Глава XV. Через две ночи
Так уж выходило что главными событиями последнего времени в жизни Ковалоччо становились ночные визиты на бриг «Ореол», хотя встречи с графом д’Олоном являлись только одним направлением той кипучей деятельности, которую он развел. Но добиться чего-либо существенного ему за эти дни ничего не удалось и сейчас он двигался по главному направлению ни с чем конкретным, он лишь прояснил себе будущую обстановку и расстановку дел.
В море штормило, даже в закрытой гавани волны создавали сплошной шум и сильный холодный ветер заставлял поежиться. Ждавший его у трапа /за бортом/ Баскет сделал движение рукой: молчать и они быстро стали пробиваться к люку. На другой стороне у борта перекрывая шум прибоя кричали по-видимому что-то устанавливая.
Успевший продрогнуть Капече Ковалоччо с удовольствием спустился в люк, в теплый устойчивый воздух. Но первое, что бросилось ему в глаза по выходе из темной маленькой прихожей: это не развалившийся в кресле граф, который сейчас никуда не собирался, а трещавшая некогда входная дверь под натиском пьяной возни с той стороны. Откуда же так же были слышны все звуки разошедшейся пирушки, разве что не до горланных песен.
– Посмотри, сволочи что творят!…Я сейчас не выдержу, сорвусь. Баскет иди предупреди эту свору. Здравствуй, друг сердечный, чем порадуешь?
– Пока нечем, зелье стряпают, отстаиваться еще. Я пришел узнать как на это смотрит шевалье д’Обюссон?
– Одобряет! Одобряет, он еще мало того, подсказал одно хорошее дело… устроить на службу сюда капелланом16 аббата Витербо. У меня в голове не укладывается, как это будет прекрасно. Во-первых, нас станет четверо и что самое главное через аббата мы получим возможность запросто сноситься с морячками. А то же ведь я сейчас здесь оказался на положении жильца…
…Как здесь повился этот мозгляк Беккендорф, он стал здесь всем заправлять.
– Так что невозможно даже как-то поговорить?
– Это ерунда все, всегда успеется, и не с ними, а с де Ферраном достаточно будет. С ним можно договориться.

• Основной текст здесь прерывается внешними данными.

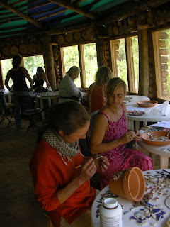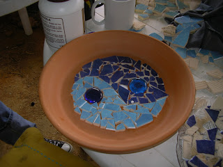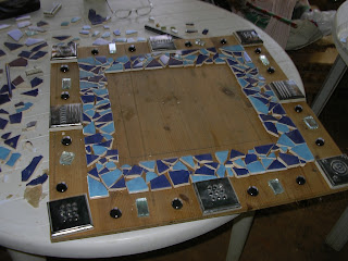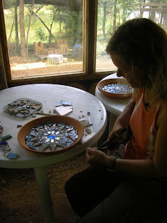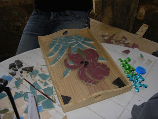 Bring what you have from home, i.e. Different colored tiles, glass and mirror, broken crockery, beads, pebbles, shells, gloves, protection glasses, tile cutter, PVA glue, plaster board/wooden ply board, or ceramic pot/plate/frame to cover etc.

– Тогда прекрасно! Устраиваем отравленную вечеринку, кого не сморит, матросы уймут… выпускаем матросов, ждем вас…
– А вот в это «ждем» мне не больно-то верится, после душного, ужасно душного, вонючего трюма они ждать несколько часов кряду может быть не будут никогда. Они тебя просто не поймут: кого-то там ждать. Никакие нервы не выдержат, когда ветер в лицо… Люди есть люди. Ты им доверяешь, я нет.
– Это перебор. Подозрительность все погубит. Своими силами мы либо не справимся, либо сорвется. Тот же полковник Беккендорф придет, он же не здесь живет.
– Мозгляка Беккена никогда не называй мне полковником. Это ничтожество, которое может только мелко гадить и подсирать. – не разбирался в выражениях граф д’Олон.
Выждав время и дав гневу улечься Капече Ковалоччо раздумывал вслух:
– Итак, что у нас в активе: решительно настроенный офицер с прекрасными возможностями, о котором пока ничего не знают, но кредит доверия ему почти растаял после тех объяснений, которыми он пользовался при переходе на службу в тюрьму или почти растает, когда он будет водворять католического аббата католикам – арестантам. И появление на корабле полковника Беккендорфа первое тому подтверждение…
Ковалоччо пометавшись поспешно скрылся в спальне-каюте Баскета. Сверху, чувствовалось, вовнутрь спускалось несколько человек. Первым из прихожей вышел полковник Беккендорф, за ним Баскет.
В английском языке отсутствует неуважительная форма обращения, совершенно не допустимая в данной обстановке, но в той небрежной манере с какой обратился к д’Олону полковник Беккендорф, форма обращения чувствовалась самой неуважительной и по тону, и по нелепости самого вопроса.
– Ты флаг-кэптэн?
– Ну я флаг-капитан на судне, что нужно?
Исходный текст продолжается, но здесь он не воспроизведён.